La notion de Direct Un fait de langage La notion de « direct » correspond donc à cette capacité de filmer « en direct » quelque chose qui se passe devant la caméra (en lien avec le sport ou la captation des événements à la TV). Il y a aussi l’idée que la légèreté du dispositif conduirait à ce qu’il ne soit plus visible. Le direct c’est aussi l’idée d’avoir accès directement à un son et une image qui soit synchronisés sans avoir besoin de postproduction. C’est quelque chose qui est permis par la technique. L’idée de direct rejoint donc les notions d’enregistrement, de proximité, d’immédiateté, de transparence, de mise en contact, etc. que nous avons déjà étudiées.

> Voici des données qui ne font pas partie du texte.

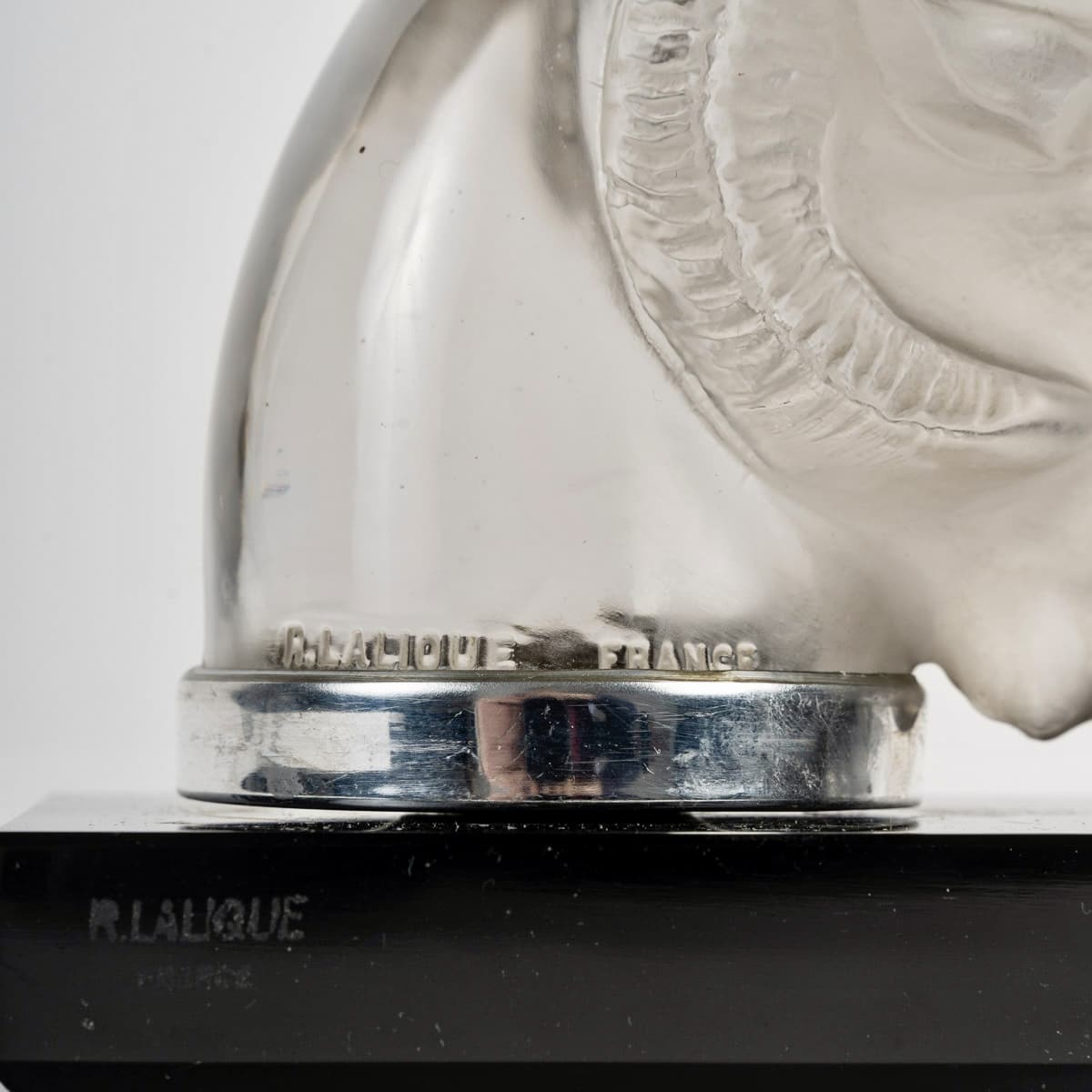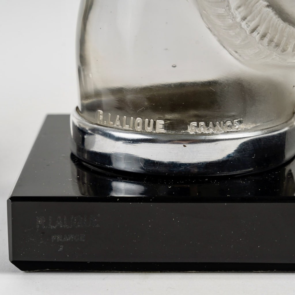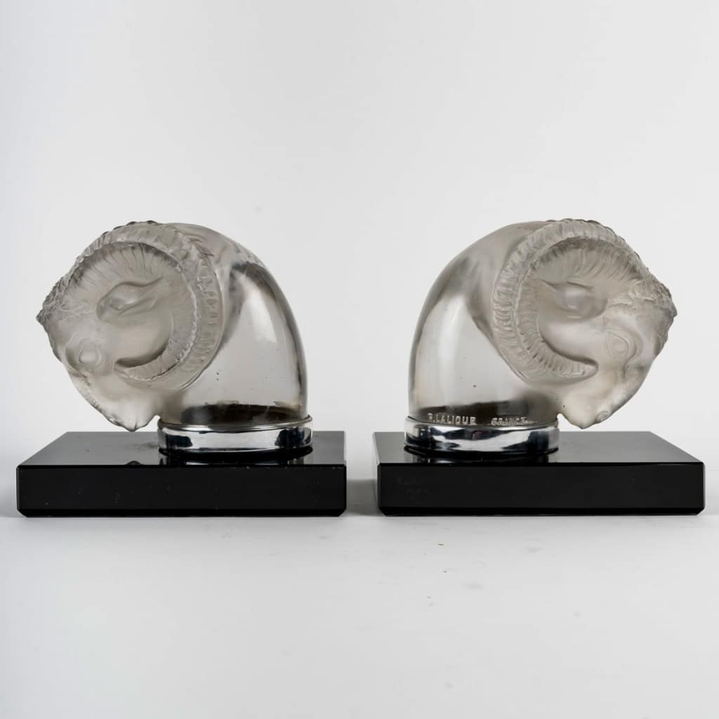 Paire de Mascottes Serre-Livres « Tête de Bélier » verre blanc sur socle verre opalin noir de René Lalique créé en 1928.

La notion de Cinéma vérité nous conduit, elle, plus du côté de l’opacité, de réflexivité et/ou d’une volonté d’utiliser un ensemble d’innovations techniques pour porter un regard différent sur la société. Nous verrons cela la semaine prochaine.


La notion de Direct Un fait de langage… qui éloigne parfois de la pratique Nous nous proposons de provoquer artificiellement la reprise de la pêche aux marsouins et de profiter de l’occasion pour faire un film qui tachera de capter le plus honnêtement possible la saveur de ces gens. Pierre Perrault, Document 3.2: Projet de film à l’île aux Coudres, p. 4, cité par Vincent Bouchard, 2012, p. 199.

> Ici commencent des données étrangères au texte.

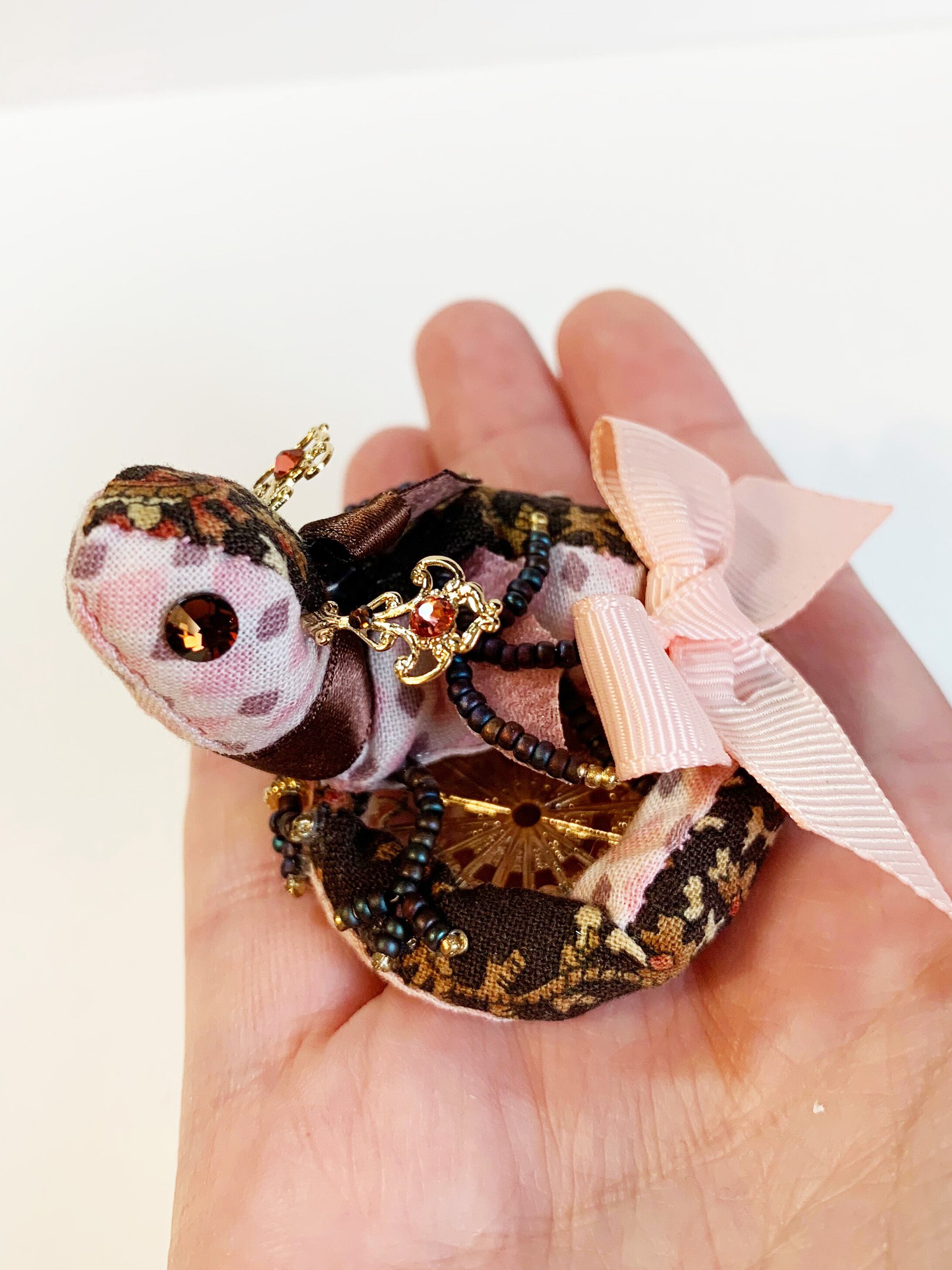 チョコレートのちびっこ宝石竜ブローチ【ストロベリーのリボン】
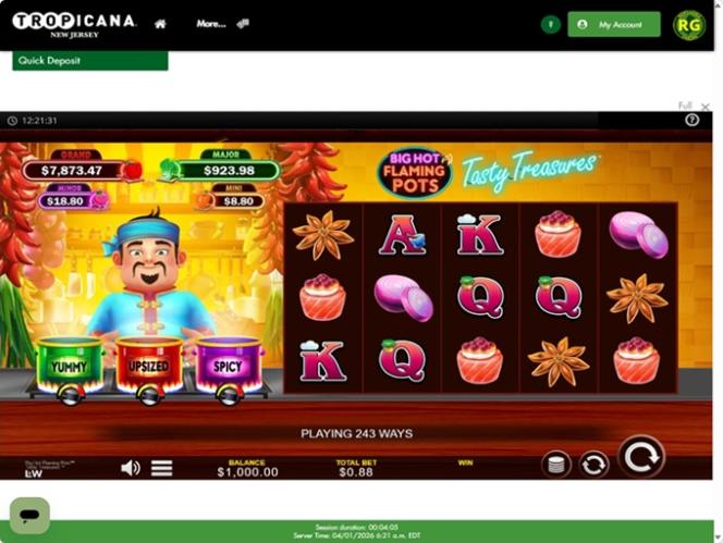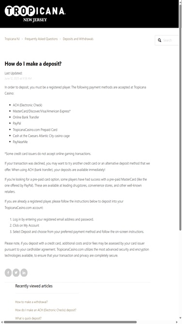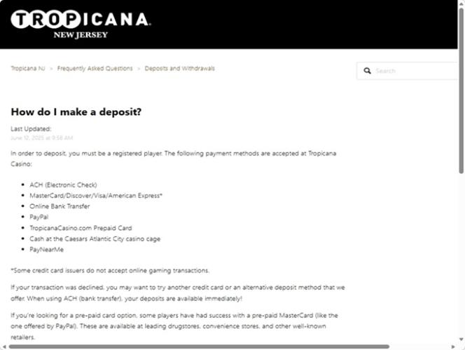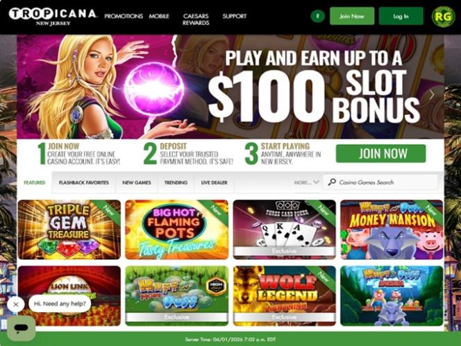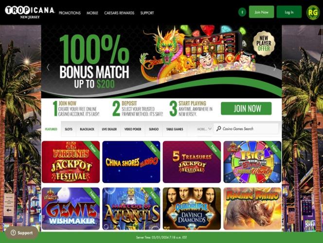 كازينو تروبيكانا هو كازينو يقع على ممشى خشبي، افتُتح عام ١٩٨١، ويُقدم تجربةً على طراز هافانا القديمة لعملائه. يضم الموقع أكثر من ٢٤٠٠ غرفة فندقية ومجمعًا ترفيهيًا متكاملًا، بالإضافة إلى الكازينو. بعد أن سمحت ولاية نيوجيرسي بالمراهنة عبر الإنترنت، يُقدم كازينو تروبيكانا منصته الخاصة للعملاء منذ ذلك الحين. للعب في كازينو تروبيكانا عبر الإنترنت، يجب أن يكون عمر اللاعبين ٢١ عامًا أو أكثر، وأن يكونوا متواجدين داخل حدود الولاية.معلومات الكازينو
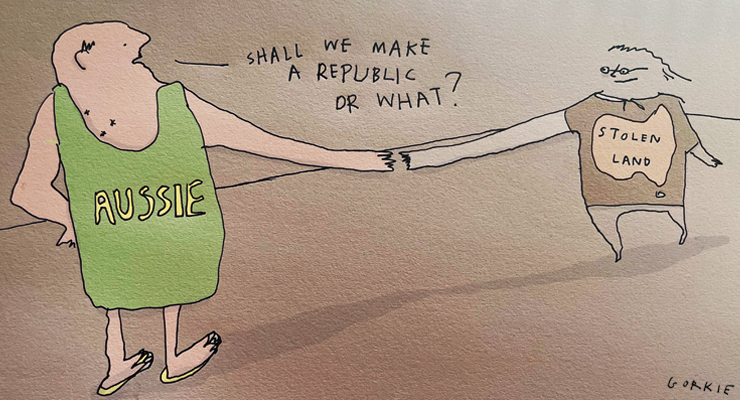 Indeed, it is the exact opposite of all these things. Australian republicanism appeals to a common identity and a universal condition, as Australian. But many of the people who believe in that most fervently are monarchists; conversely, many of the people who would prefer us to be a republic believe that the notion of unity is a false one, covering over the fundamental divide of colonialism.

Il y a une tension entre une pratique assumée de la reconstitution et l’idée que cette reconstitution peut conduire à l’enregistrement le plus direct possible d’une interaction sociale/ vie d’un groupe. Cependant, il faut ici considérer le rôle du montage du son!


La notion de Direct Un fait de langage… qui éloigne parfois de la pratique Dans le direct, il n’y a pas de voix off, un minimum de bruit d’ambiance (son libre), mais beaucoup de montage!

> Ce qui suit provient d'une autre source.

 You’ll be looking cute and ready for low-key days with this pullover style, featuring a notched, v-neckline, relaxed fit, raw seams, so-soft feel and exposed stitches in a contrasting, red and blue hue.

il faut faire ici une distinction entre le son direct et le son synchrone (…) [car] le monteur déplace de nombreux sons afin de créer un contexte sonore (Bouchard, 2012, p. 175-76).


La technique pour un son strictement synchrone existait Le single system, a été développé pour répondre aux besoins de reportage des télévisions. Le son et l’image sont enregistrés sur la même bande. L’image est fixée sur une partie de la pellicule, généralement dans un format 16mm. Une bande est réservée au son, sur piste optique ou magnétique (…). Ce système peut sembler parfaitement adapté au cinéma léger et synchrone. Or, le single system n’est retenu par les cinéastes dans aucun des pôles de développement (…). En fait, le single system ne s’adapte pas aux besoins des cinéastes du direct. Le gros défaut de ce type de synchronisation est la difficulté de réaliser des montages complexes avec un son et une image fixés sur le même support (Bouchard, 2012, p. 130).

En fait, ce qui intéresse les réalisateurs et les techniciens du direct, c’est la possibilité de synchroniser l’image et le son tout en les conservant sur deux supports distincts. L’image est filmée par la caméra. Le son est enregistré par un magnétophone (souvent un Nagra). Cela permet a posteriori de travailler le son au montage. Ainsi, le cinéma direct est il bien léger, mais il est bien souvent non synchrone!


Quelle est l’actualité du direct? Une esthétique ou une pratique?

Reproduire les critères définitoires d’un style (une pratique encore courante à l’ONF notamment) ou poursuivre une expérimentation sur la technique. Cette seconde option conduit à se demander quels sont les lieux qui reprennent l’esprit du direct aujourd’hui. Une proposition pourrait être de les retrouver du côté des images produites avec des téléphones portables ou avec des caméras d’action, comme c’est le cas dans le film Leviathan (2012). Concernant l’ONF, ce serait alors les « projets spéciaux » (projections sur dôme comme Kyma, dans l’espace public comme Expo67Live, usage de caméras thermiques comme Ora) et le webdocumentaire (ONF/Interactive) qui seraient concernés. Le questionnement doit rester ouvert.